Today I’m going to explain how to web scrape with Node.
We’ll be using three packages to accomplish this.
Let’s start setting up the project. First create a folder, then cd
to it in the terminal.
To initialise the project just run npm init
and follow the steps (you can just hit enter to everything). When the initial setup is complete you’ll have created a package.json
file.
Now we need to install the two packages we listed above
npm install --save axios cheerio
(Remember fs
is already part of node, we do not need to install anything for it)
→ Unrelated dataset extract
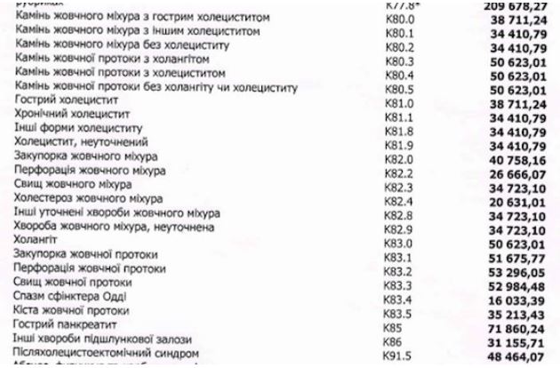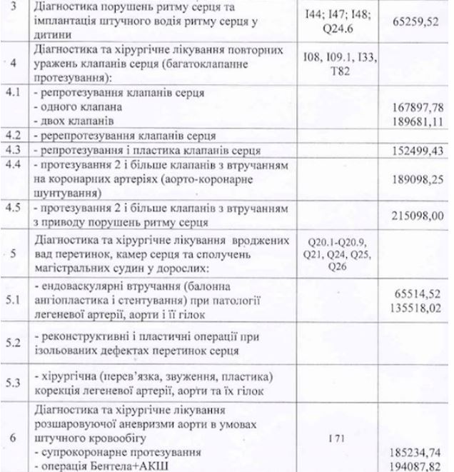 Например, диагностика нарушения ритма сердца у ребенка будет стоит 65 тысяч гривен. Репротезирование двух клапанов сердца - почти 190 тысяч гривен. Аневризма сердца - почти 154 тысячи гривен. Стеноз - более 163 тысяч. Шунтирование аорты - 130 тысяч гривен. Коронарный тромбоз - 103 тысячи. Лечение цирроза печени - 111 тысяч.
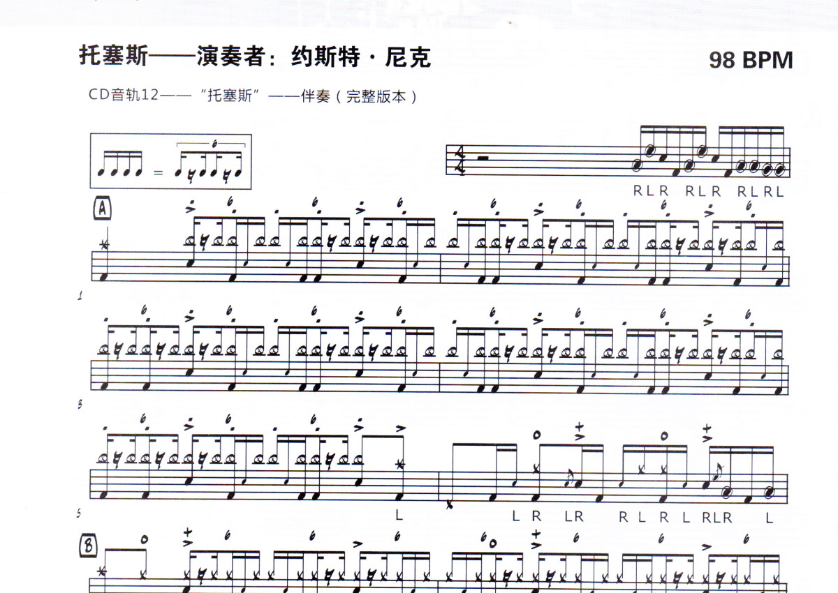 黄祖盛《托塞斯》鼓谱 - 架子鼓谱

You’ll see that the above packages are installed under node_modules
directory, they are also listed inside the package.json
file.
Our mission is to get the posts we’ve written and store them in a JSON file, as you see below:
Create a JavaScript file in your project folder, call it devtoList.js
if you like.
First require the packages we installed
let axios = require('axios');
let cheerio = require('cheerio');
let fs = require('fs');
Now lets get the contents from dev.to
axios.get('https://dev.to/aurelkurtula')
.then((response) => {
if(response.status === 200) {
const html = response.data;
const $ = cheerio.load(html);
}
}, (error) => console.log(err) );
In the first line we get the contents from the specified URL. As already stated, axios
is promise based, then
we check if the response was correct, and get the data.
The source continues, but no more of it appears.